The Lord is our wisdom, protector and healer.
(Genesis 1:29-30, Ezekiel 47:12) 
1. Linda made the "Tea-Dab" for us because our baby had impetigo on his diaper area. This cleared it up very quickly, and it was harmless to my baby. - A.T.

2. I got aggressive with the Impetigo Tea-Dab blend and applied it undiluted to the infected wounds on my daughter's hands, but I diluted with a carrier oil when I applied it to the spot next to her lips. This stuff is amazing! She cleared right up.

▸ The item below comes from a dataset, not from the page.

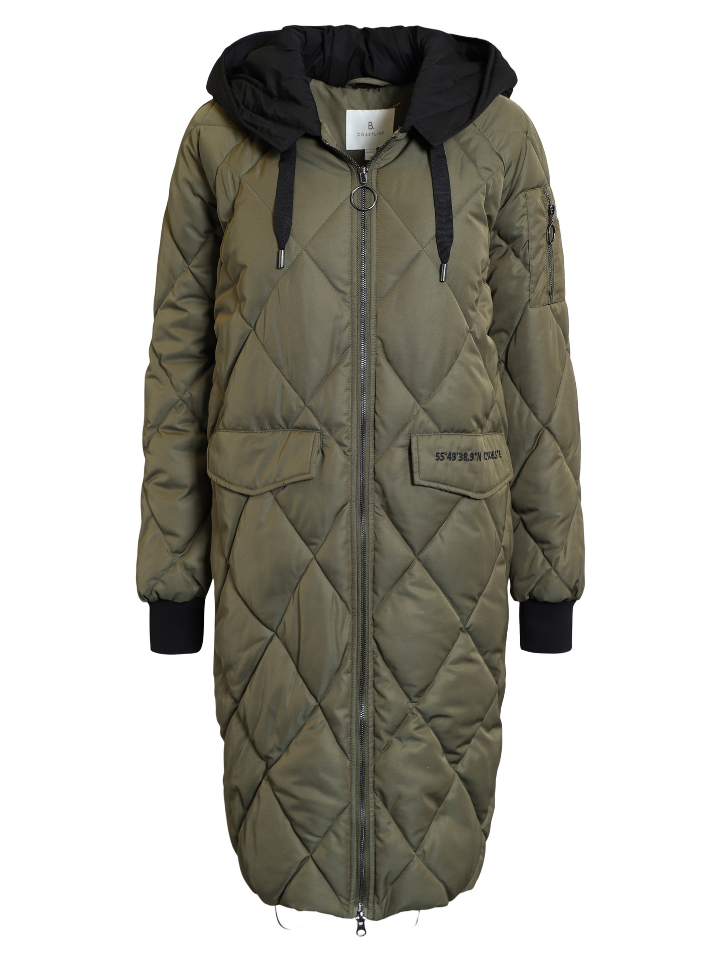 Share naisten trendikäs pitkä tikkitakki. Kiinteä huppu. Etutaskut sekä povitasku. Hihansuissa resorit.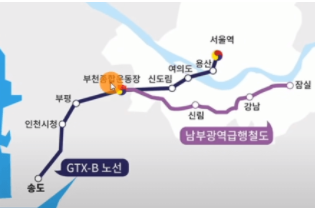 GTX B노선은 송도에서 시작해 여의도를 지나 서울역,청량리,마석까지

3. Out of nowhere, our young daughter got impetigo on her neck, back and chest. The Impetigo Tea-Dab blend worked almost overnight. In less than a week, it was completely gone. - Linda

4. Thank you for great products and giving us hope. The Impetigo Tea Dab worked miracles, took the pain and swelling away immediately and I'm watching and waiting (recording too as it's been a battle for years trying to clear it up) to see when and if it will even return. I will definitely let you know. - Jennifer

Avoid contact with the eyes and other sensitive areas. Essential oils are both lipophilic and hydrophobic. Lipophilic means they are attracted to fat— like the membranes of your eyes and skin. They are also hydrophobic, meaning they do not like water. Applying a carrier oil will create another fat for the essential oil to be attracted to other than the membranes of the eyes or skin. Tisserand suggests: "With essential oils, fatty oil has been suggested as an appropriate first aid treatment, though the advantage of saline [eyewash] is that the eyes can be continually flushed, and this is less easy with fatty oil.” We are not aware of a case where essential oil in the eyes caused permanent injury or long-term discomfort, but if you feel concerned, please call your health care provider. 
Tisserand, Robert; Young, Rodney, Essential Oil Safety: A Guide for Health Care Professionals, Elsevier Health Sciences UK 2nd Edition 2014. Worwood, Valerie, Aromatherapy for the Healthy Child, 2000, pages 173-174.